I.V. administration of PLG NPs resulted in an organ biodistribution primarily to the liver and cellular association with both KCs and LSECs. The 400–600 nm PLG NPs employed in this investigation associated with a majority of KCs and LSEC following i. v. injection of 2 mg. At the lower dose of 1 mg, less than half of KCs and LSECs were PLG NP-positive, which corresponds with previous reports of diminishing tolerogenic effect at lower doses [14]. A similar pattern of biodistribution within the liver has been detailed following direct injection of PLG NPs into the spleen for directed flow to the liver [51]. The study showed that similar PLG particles were captured by nearly all KCs and LSECs, half of hepatic stellate cells, and only 7% of hepatocytes. Others have investigated NP-induced tolerance using NPs that exclusively partitioned to specific liver APCs based on their size: 500 nm carboxylated latex particles preferentially target KCs as they are highly phagocytic, while 10 nm polymer-coated superparamagnetic iron oxide (SPIO) NPs preferentially targeted LSECs, where endocytosis through clathrin-mediated transport captures particles less than 200 nm [38,40,41]. The PLG NPs evaluated here, by virtue of their emulsion-based formulation, have a greater polydispersity than monodispersed latex and SPIO particles made by polymerization and precipitation, respectively. This broader size distribution of PLG NPs may account for the association with both KCs and LSECs enabling tolerance through multiple hepatic APCs. Other non-particle modalities, such as Ag-ligand fusions, have achieved a similar distribution of Ag to multiple hepatic cells. These conjugates of Ag fused to polymeric N-acetylgalactosamine (Ag-p(GalNAc)) or N-acetylglucosamine (Ag-p(GluNAc)) target the C-type lectin receptors on multiple liver APCs [17]. This targeting allowed Ag delivery to liver DCs, KCs, LSECs, and hepatocytes to induce Ag-specific tolerance by multiple mechanisms. Together, the use of PLG-Ag here, with intermediate size and polydispersity, results in the delivery of Ags across multiple liver APCs which may act to reinforce tolerance through multiple cell types.
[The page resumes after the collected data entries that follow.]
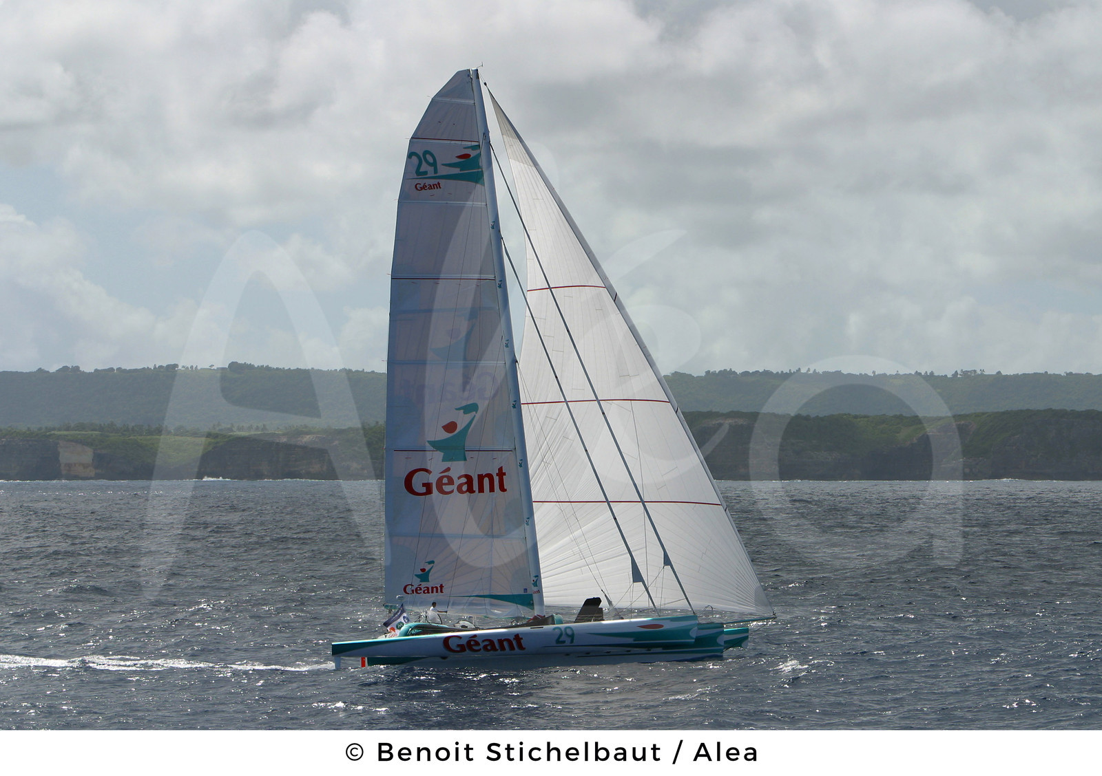 | Description | SAILING - ROUTE DU RHUM 2002 - FINISH POINTE A PITRE (FRA) - GUADELOUPE - MULTIHULLS 60' ORMA - 23/11/2002 - PHOTO : BENOIT STICHELBAUT / ALEA.GEANT / SKIPPER : MICHEL DESJOYEAUX (FRA) / WINNER MUTIHULLS 60'/ 13 DAYS 7 HOURS 53 MN 00 SECONDS - ON THE BACKGROUND THE GUADELOUPE |
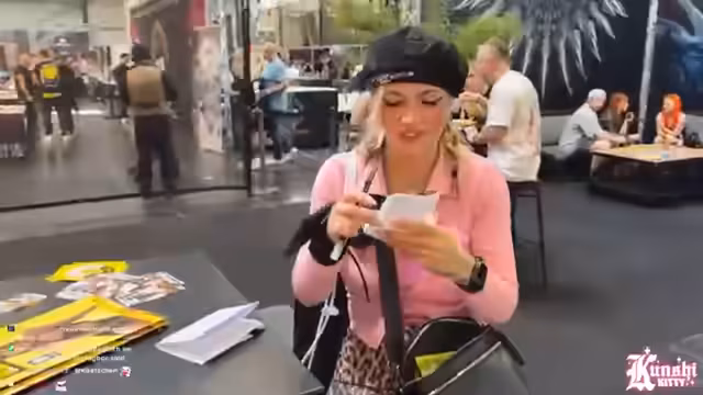 07:48:35Beim Durchlaufen der Messe wird das interaktive Tattoo-Bingo fortgesetzt, wobei man auf eine Gruppe trifft, die ein Arschgeweih und ein Datum als Tattoo vorweisen kann. Es folgt eine Begegnung mit einer Familie, die die Streamerin erkennt und ein Foto wünscht, wobei man sich über die Reichweite auf TikTok austauscht. Schließlich wird das Bingo vollendet, als ein Messebesucher mit einem Löwen-Tattoo entdeckt wird, womit alle Felder abgehakt sind und das Spiel erfolgreich beendet wird.
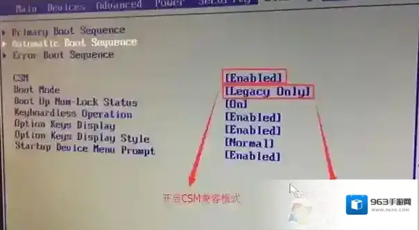 3、切换到Boot,把Boot Mode从UEFI改成Legacy only引导模式,再把csm默认disabled改成enabled,开启兼容模式,选择F10保存设置,在弹出的选项中选择YES;

The presentation of particle-derived Ag in the liver resulted in the Ag-specific arrest and tolerogenic reprogramming of T cells by clonal deletion. The delivery of cognate Ag by PLG-Ag caused a three-fold increase of Ag-specific CD4 T cells in the liver of OT-II mice, which was accompanied by a 30% reduction in T cell population viability. Importantly, the viability of other NPCs was not affected, indicating that this result represented Ag-specific clonal deletion. This result is supported by the observation that PLG-Ag treatment induced KC and LSEC expression of programmed death-ligand 1 (PD-L1), which has been shown to play a role in the regulation of autoreactive T cells (Fig. 3) [52]. The rapid arrest of T cells by Ag-treated KCs and LSECs has been previously observed in real-time, using intravital microscopy, and this arrest and deletion pattern of the liver has also been observed with both naïve and activated Th1 and Th2 T cells [41,53,54]. In addition to clonal deletion, other reports have demonstrated a capacity for regulatory T cell induction by KCs and LSECs. Ag-coupled latex particles have induced production of Foxp3+ Tregs and IL-10-producing regulatory Tr1 phenotypes by KCs [41]. Separately, Ag-coupled iron oxide particles induced tolerance that was attributed to Tregs and was abrogated by depleting Tregs [40]. Our previous work supports these additional mechanisms as the depletion of Tregs or IL-10 partially depleted PLG-Ag-induced tolerance in the EAE model [28]. In this work, we demonstrated the secretion of IL-10 in co-cultures of KCs and CD4 T cells which supports the Tr1 mechanism, but we did not observe significantly enhanced Treg induction in vitro without the addition of exogenous TGF-β (data not shown). Collectively, the delivery of PLG-Ag to liver APCs results in the arrest and clonal deletion of T cells which may act in parallel to other peripheral tolerance mechanisms of the liver involving Foxp3 Tregs and Tr1 T cells.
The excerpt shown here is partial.